PROMPT
Output all of the data exactly as it appears, but leave out any pictures it contains.

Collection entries
------------------------------------

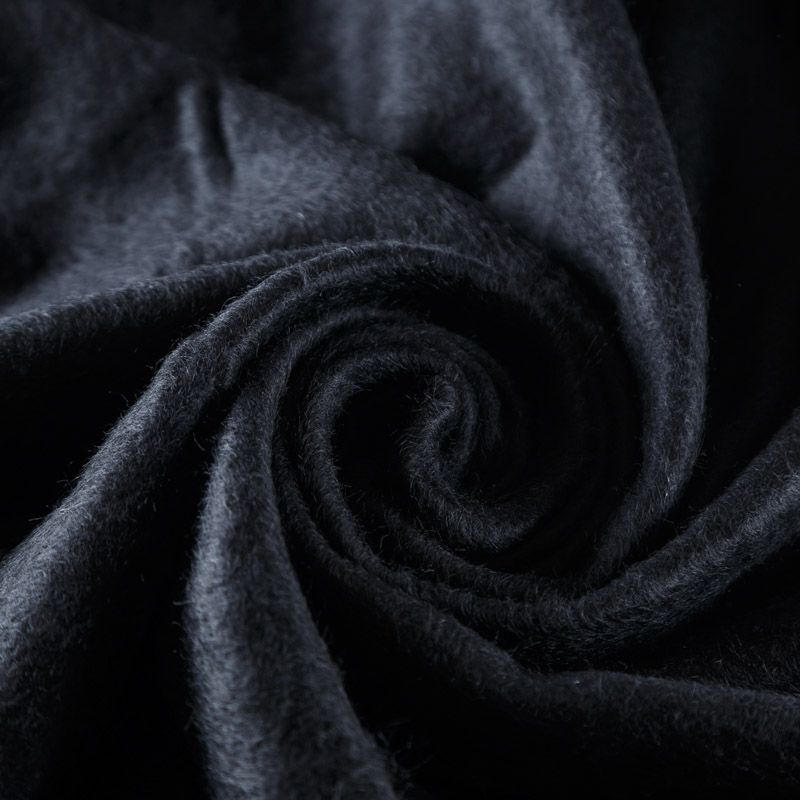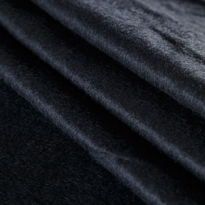 Итальянская костюмно-пальтовая шерсть в черном цвете. Ткань хорошо держит форму, приятная на ощупь, гибкая, средней толщины, при этом высокой плотности. Поверхность имеет короткий ворс. Подойдет для пошива теплого костюма, юбки, пальто, куртки, жакета, парки, кейпа, жакета или пончо.
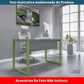 Mesa Escritório P25 Tub Pandin 170 Cm (larg) X 70 Cm (prof) Tampo Mdp Grafito Pé Aço Tubular Verde
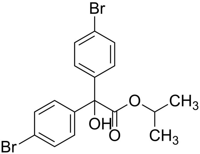 Keywords: Isopropyl 2,2-bis(4-bromophenyl)-2-hydroxyacetate 200.svg validSVG Structure of isopropyl 2 2-bis 4-bromophenyl -2-hydroxyacetate Own 2014-06-09 Emeldir <span class signature-talk ></span> Chemical structure verified https //upload wikimedia org/wikipedia/commons/8/8d/Isopropyl_2 2C2-bis 284-bromophenyl 29-2-hydroxyacetate_200 svg 1S/C17H16Br2O3/c1-11 2 22-16 20 17 21 12-3-7-14 18 8-4-12 13-5-9-15 19 10-6-13/h3-11 21H 1-2H3 FOANIXZHAMJWOI-UHFFFAOYSA-N 18181-80-1 Synonyms <small>1-methylethyl 4-bromo-alpha- 4-bromophenyl -alpha-hydroxybenzeneacetate 1-Methylethyl 4-bromo-alpha- 4-bromophenyl -alpha-hydroxybenzeneacetate 4-Bromo-alpha- 4-bromophenyl -alpha-hydroxybenzeneacetic acid 1-methylethyl ester Acarol Acarol R Bis- 4-bromo-phenyl -hydroxy-acetic acid isopropyl ester bromopropylate Bromopropylate ENY 27552 Folbex VA GS-19851 Isopropyl 2 2-bis 4-bromophenyl -2-hydroxyacetate Isopropyl 4 4'-dibromobenzilate Isopropyl dibromobenzilate Methylethyl 4-bromo-alpha- 4-bromophenyl -alpha-hydroxybenzeneacetate Neoron Neoron R Phenisobromolate</small> PD-chem Bromobenzenes Diphenylmethanols Carboxylate esters Isopropyl esters Acaricides
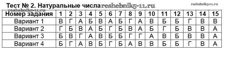 Готовая домашняя работа с ответами по Математике за 5, 6 класс Тульчинская Тесты УМК Мнемозина 2015 ФГОС - Тесты Тест №2. Натуральные числа
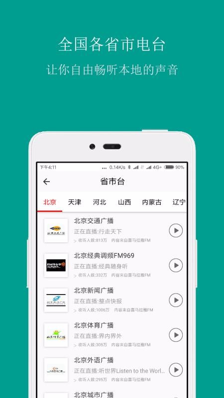 3、省市台,连接更省市的广播电台信息,收听省市的新闻信息;
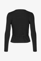 Langærmet slå om-top. Blød og elastisk økologisk bomuld i fin ribstrik. V-udskæring. Stofbånd i taljen. Slank pasform. Længden midt bagpå er 61 cm i størrelse small.
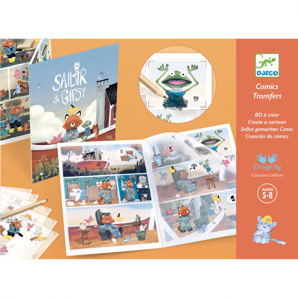 Acest set îi invită pe copii să creeze o bandă desenată cu personaje amuzante folosind planșele de transfer: imaginile se răzuiesc ușor cu creionul și se transferă pe planșa fundal preilustrată. Pas cu pas, copiii poziționează
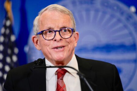 - FILE – Ohio Gov. Mike DeWine speaks during a news conference, Dec. 29, 2023, in Columbus, Ohio. (AP Photo/Carolyn Kaster, File)
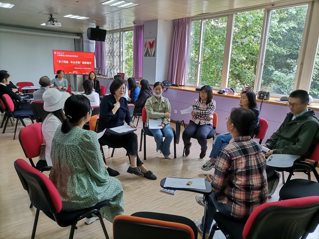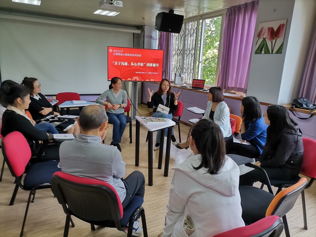 亲子沟通是影响家庭关系的一个核心且基础的部分。它既是父母了解子女行为与心理的重要手段,也是影响子女认知和情感发展的重要因素。良好的亲子沟通有利于增加家庭成员之间的亲密程度,对家庭的每个成员的身心健康起到积极的作用。为关心关爱教职工,有效帮助他们化解心理困惑,提高亲子沟通能力,促进家庭和睦和谐,提升职工的幸福感和归属感,校工会与心理研究与咨询中心,以心灵驿站为依托,邀请汪小容、张涛两位专家,开展“亲子沟通,从心开始”团体心理辅导活动。
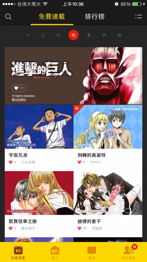 於App中的「書店」區購買《進擊的巨人》、《宇宙兄弟》、《花牌情緣》與《名偵探柯南》等超人氣連載漫畫,購買任一冊就可獲得該作品的繁體中文專屬貼圖。
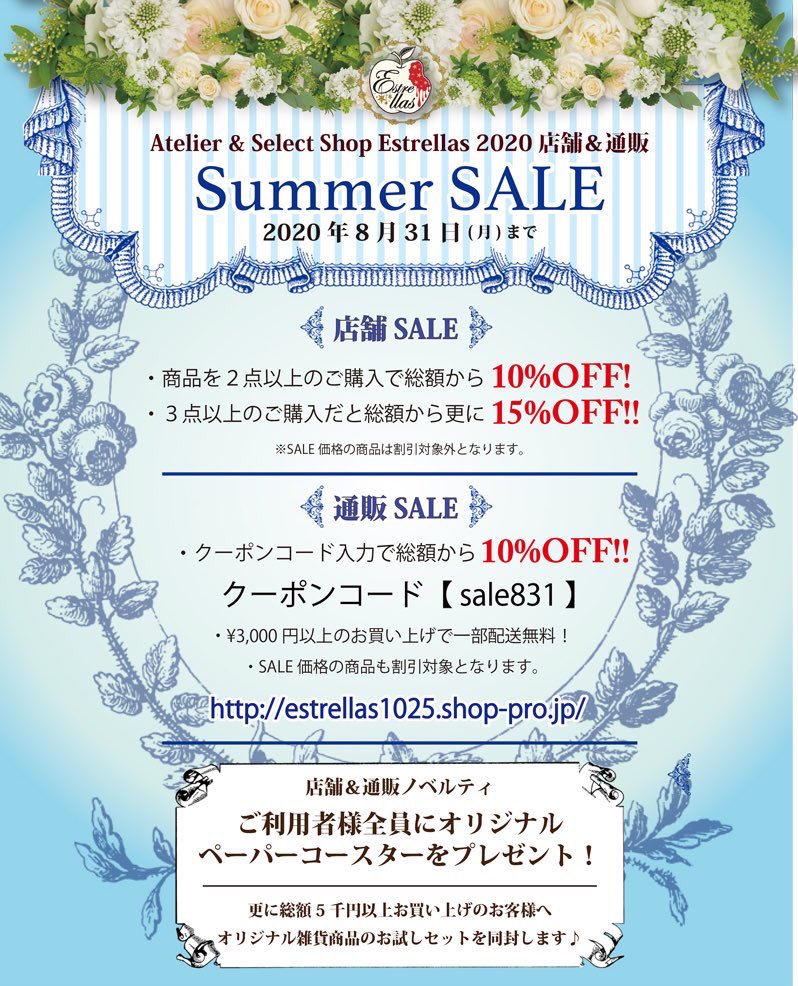 当店にて開催中のサマーセールを今月末まで延長&通販サイトでも開催致します❣️❣️
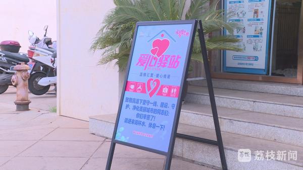 在谷里街道邻里大道上的这家饭店外,红白相间的“爱心驿站”海报被摆放在店门外醒目位置。店内还放置着医药箱、饮用水、绿豆汤等用品。一批来自于谷里街道清管所的环卫工人正在此稍作休息。谷里街道清管所组长徐宏梅说,不大的集镇片区共有4家这样的爱心驿站,这些店家都是街道餐饮协会的会员单位,而这一暖心举动,已经坚持了好几年。
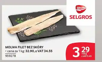 Teraz w promocji Molwa filet bez skóry w Selgros. Oferta ważna od 9-04 do 22-04.
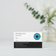 Cartões de visitas de lembretes modernos de atendimento ao cliente criado a um oftalmologista, Optometrista ou Eye Doctor em um centro visual de atendimento ao olho com emblema de óculos e modelo de marcação fácil de ler, você pode personalizar on-line com a capacidade de substituir nosso emblema pelo logotipo de sua própria empresa.
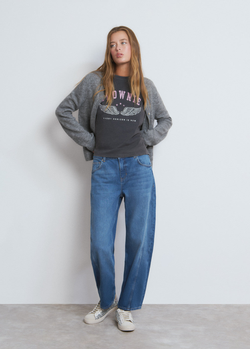 Camiseta de manga corta y cuello redondo con logo Brownie y alas.

------------------------------------

TASK ANSWER
 Итальянская костюмно-пальтовая шерсть в черном цвете. Ткань хорошо держит форму, приятная на ощупь, гибкая, средней толщины, при этом высокой плотности. Поверхность имеет короткий ворс. Подойдет для пошива теплого костюма, юбки, пальто, куртки, жакета, парки, кейпа, жакета или пончо.
 Mesa Escritório P25 Tub Pandin 170 Cm (larg) X 70 Cm (prof) Tampo Mdp Grafito Pé Aço Tubular Verde
 Keywords: Isopropyl 2,2-bis(4-bromophenyl)-2-hydroxyacetate 200.svg validSVG Structure of isopropyl 2 2-bis 4-bromophenyl -2-hydroxyacetate Own 2014-06-09 Emeldir <span class signature-talk ></span> Chemical structure verified https //upload wikimedia org/wikipedia/commons/8/8d/Isopropyl_2 2C2-bis 284-bromophenyl 29-2-hydroxyacetate_200 svg 1S/C17H16Br2O3/c1-11 2 22-16 20 17 21 12-3-7-14 18 8-4-12 13-5-9-15 19 10-6-13/h3-11 21H 1-2H3 FOANIXZHAMJWOI-UHFFFAOYSA-N 18181-80-1 Synonyms <small>1-methylethyl 4-bromo-alpha- 4-bromophenyl -alpha-hydroxybenzeneacetate 1-Methylethyl 4-bromo-alpha- 4-bromophenyl -alpha-hydroxybenzeneacetate 4-Bromo-alpha- 4-bromophenyl -alpha-hydroxybenzeneacetic acid 1-methylethyl ester Acarol Acarol R Bis- 4-bromo-phenyl -hydroxy-acetic acid isopropyl ester bromopropylate Bromopropylate ENY 27552 Folbex VA GS-19851 Isopropyl 2 2-bis 4-bromophenyl -2-hydroxyacetate Isopropyl 4 4'-dibromobenzilate Isopropyl dibromobenzilate Methylethyl 4-bromo-alpha- 4-bromophenyl -alpha-hydroxybenzeneacetate Neoron Neoron R Phenisobromolate</small> PD-chem Bromobenzenes Diphenylmethanols Carboxylate esters Isopropyl esters Acaricides
 Готовая домашняя работа с ответами по Математике за 5, 6 класс Тульчинская Тесты УМК Мнемозина 2015 ФГОС - Тесты Тест №2. Натуральные числа
 3、省市台,连接更省市的广播电台信息,收听省市的新闻信息;
 Langærmet slå om-top. Blød og elastisk økologisk bomuld i fin ribstrik. V-udskæring. Stofbånd i taljen. Slank pasform. Længden midt bagpå er 61 cm i størrelse small.
 Acest set îi invită pe copii să creeze o bandă desenată cu personaje amuzante folosind planșele de transfer: imaginile se răzuiesc ușor cu creionul și se transferă pe planșa fundal preilustrată. Pas cu pas, copiii poziționează
 - FILE – Ohio Gov. Mike DeWine speaks during a news conference, Dec. 29, 2023, in Columbus, Ohio. (AP Photo/Carolyn Kaster, File)
 亲子沟通是影响家庭关系的一个核心且基础的部分。它既是父母了解子女行为与心理的重要手段,也是影响子女认知和情感发展的重要因素。良好的亲子沟通有利于增加家庭成员之间的亲密程度,对家庭的每个成员的身心健康起到积极的作用。为关心关爱教职工,有效帮助他们化解心理困惑,提高亲子沟通能力,促进家庭和睦和谐,提升职工的幸福感和归属感,校工会与心理研究与咨询中心,以心灵驿站为依托,邀请汪小容、张涛两位专家,开展“亲子沟通,从心开始”团体心理辅导活动。
 於App中的「書店」區購買《進擊的巨人》、《宇宙兄弟》、《花牌情緣》與《名偵探柯南》等超人氣連載漫畫,購買任一冊就可獲得該作品的繁體中文專屬貼圖。
 当店にて開催中のサマーセールを今月末まで延長&通販サイトでも開催致します❣️❣️
 在谷里街道邻里大道上的这家饭店外,红白相间的“爱心驿站”海报被摆放在店门外醒目位置。店内还放置着医药箱、饮用水、绿豆汤等用品。一批来自于谷里街道清管所的环卫工人正在此稍作休息。谷里街道清管所组长徐宏梅说,不大的集镇片区共有4家这样的爱心驿站,这些店家都是街道餐饮协会的会员单位,而这一暖心举动,已经坚持了好几年。
 Teraz w promocji Molwa filet bez skóry w Selgros. Oferta ważna od 9-04 do 22-04.
 Cartões de visitas de lembretes modernos de atendimento ao cliente criado a um oftalmologista, Optometrista ou Eye Doctor em um centro visual de atendimento ao olho com emblema de óculos e modelo de marcação fácil de ler, você pode personalizar on-line com a capacidade de substituir nosso emblema pelo logotipo de sua própria empresa.
 Camiseta de manga corta y cuello redondo con logo Brownie y alas.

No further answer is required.